Belangrijk is ook te beseffen dat na de beslissing van de gemeenteraad en de mededeling aan VLABEL, in casu uiterlijk 31 mei, nog een heel proces doorlopen dient te worden. Eerst en vooral is er nog de termijn van toezicht van het Agentschap Binnenlands Bestuur (ABB), die dertig dagen bedraagt. Pas dan kan VLABEL de definitieve opcentiemen verwerken en het inkohieringsproces voorbereiden.
Het verzenden van de aanslagbiljetten is slechts de laatste stap in dat proces. De koppeling die u maakt tussen het later uitsturen van de aanslagbiljetten voor de rechtspersonen en het vaststellen van de opcentiemen, is op zich niet relevant. De verschuiving naar september gaat over het criterium van de verzending en geldt enkel voor rechtspersonen. Het inkohieringsproces zal ondertussen al volledig op gang getrokken zijn, de controles zullen gebeuren, ICT-matig zal nagegaan worden of alles klaar is voor de grote bulkverzendingen.
In een normaal aanslagjaar wordt omstreeks 15 mei begonnen met het versturen van aanslagbiljetten. Nu zal dit voor natuurlijke personen vanaf juli zijn en voor rechtspersonen begin september. Dat is een verschuiving van de verzendingstermijn van ongeveer anderhalve maand tot respectievelijk drie en een halve maand. Het opschuiven van de termijn voor rechtspersonen betekent onvermijdelijk ook een vertraging op de inkohiering voor natuurlijke personen. Dat sluit allemaal aan. We kunnen niet tijdelijk personeel aanwerven om dat allemaal in één keer te doen. Dat zal aansluitend gebeuren. Het ene duwt het andere achteruit.
De reden voor de korte deadline is dus ook dat het met deze deadline in principe toch nog haalbaar zal blijven om de verzendingen zo normaal mogelijk te laten verlopen en ook de verzenddata voor de komende aanslagjaren niet te impacteren. We willen immers ook vasthouden aan het engagement om minimaal zes maanden interval na te leven tussen de verzending van aanslagbiljetten voor opeenvolgende aanslagjaren.
Ik kan enerzijds begrijpen dat de gemeenten meer tijd zouden willen. Zoals ik daarnet zei, heb ik daar alle begrip voor, maar we moeten ons er anderzijds ook voor hoeden dat het middel erger wordt dan de kwaal. Al die technische uitwerkingen vragen veel meer tijd dan op het eerste zicht lijkt. Dit proces zomaar vertragen of opschuiven in de tijd is allesbehalve een evidentie.
Dit was nu eenmaal een moeilijke evenwichtsoefening, maar met deze regeling wordt er toch een mogelijkheid geboden aan de gemeenten, met de minst mogelijke impact voor de achterliggende processen.
Het zal van iedereen, zowel van de gemeenten als van VLABEL, veel en bijkomend werk vragen. Maar de mogelijkheid is er.
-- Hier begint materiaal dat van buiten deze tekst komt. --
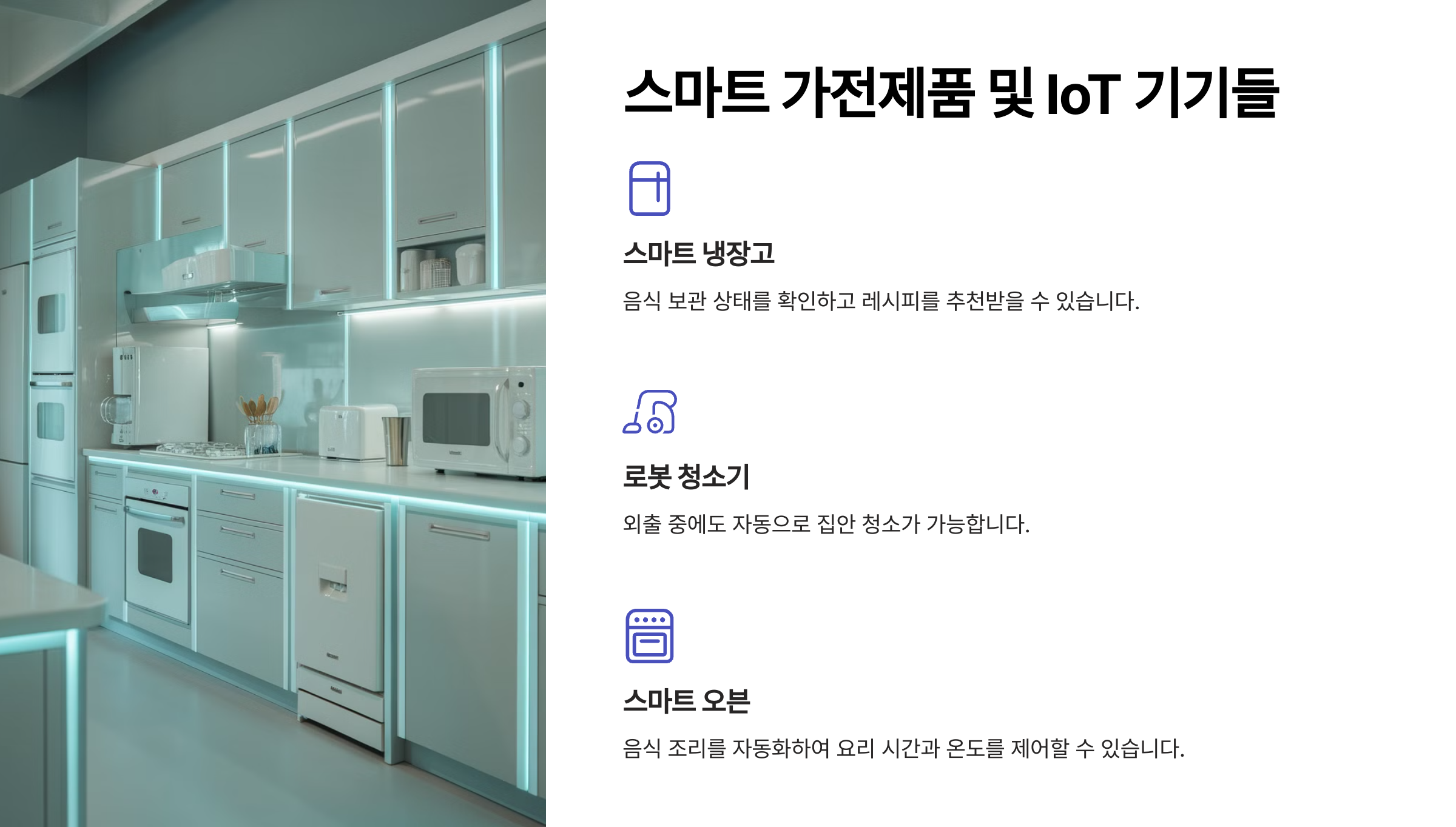 - 스마트 냉장고: 음식 보관 상태를 확인하거나 레시피를 추천받을 수 있습니다.
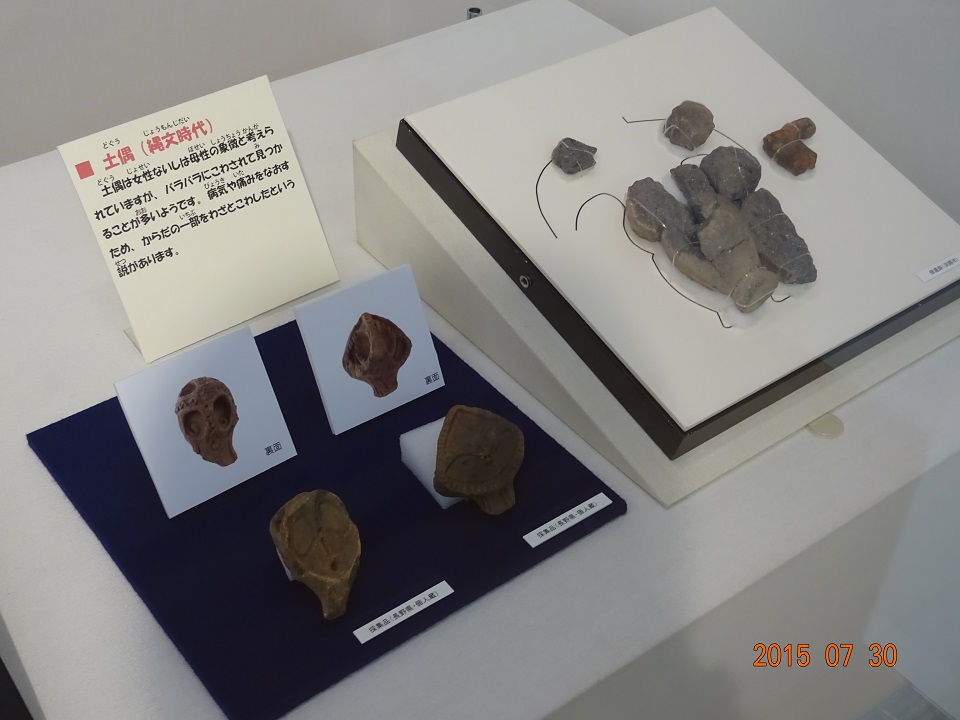この土偶さんの左隣には、何故か「長野県出土」の土偶さんのお顔が2点展示されていた。

Het lijkt mij niet aan de Vlaamse Regering om hieromtrent nog een initiatief te nemen. Het was trouwens een decretaal initiatief vanuit het parlement. Mochten er nog wijzigingen mogelijk zijn, dan laat ik dat over aan jullie. Wij zijn daar, wat het tijdstip van die verzendingen betreft, absoluut geen vragende partij voor.
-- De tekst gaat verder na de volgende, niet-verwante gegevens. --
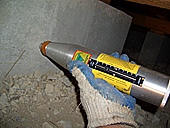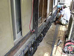 鉄筋の入っていない基礎に鉄筋を入れ強度を上げて基礎の破壊を防止する。
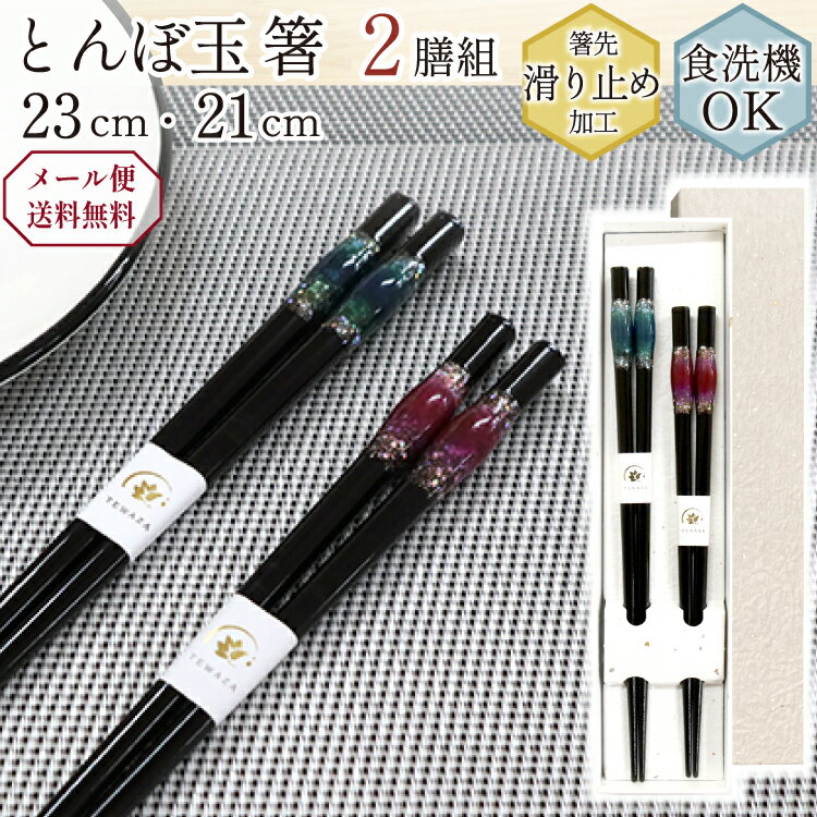 【ポイント10倍!まとめ買いクーポンMAX5%OFF 11/16 23:59まで】箸 食洗機対応 21cm 23cm 2膳組 とんぼ玉 珀宝 日本製 キッチン用品 キッチンツール
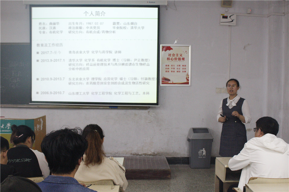 5月16日,青岛农业大学化学与药学院于教学区举行立德树人大讲堂之博士论坛。讲座由学院团委书记王海霞主持,学院学生代表参加。本期论坛的主讲人是生物制药技术与应用团队曲丽华博士、理论计算与模拟团队团队刘丙萍博士。
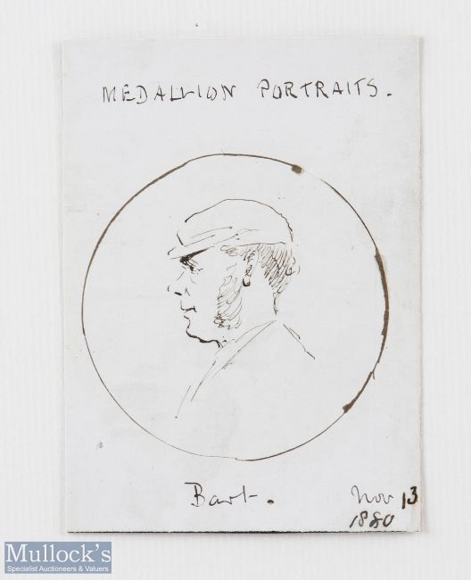 THOMAS HODGE (b.1827-d.1907) - Royal and Ancient Golf Club St Andrews Personality- head and shoulder portrait sketch titled "Medallion Portraits - Bart. Nov 13 1880" c/w typed details below - image 4.25 x 3" - mf&g 15.25 x 11". Note: Part Four - Golf Collection from "David Easby Estate"

De heer Dochy heeft het woord.
Minister, ik dank u voor uw antwoord. Ik begrijp dat het uitstellen, of het later uitzenden van de aanslagbiljetten misschien een groter effect zal hebben dan de lokale besturen de mogelijkheid te geven om de tarieven aan te passen. Hebt u er zicht op hoeveel gemeenten er in voorkomend geval zouden hebben gebruikgemaakt van dit systeem? Waarschijnlijk zal dat aantal zeer beperkt zijn. Ik weet dat het in een aantal gemeenten tot pijnlijke discussies van opbod heeft geleid: ‘Snel, snel, u moet een gemeenteraadsbeslissing nemen om die tarieven te verlagen.’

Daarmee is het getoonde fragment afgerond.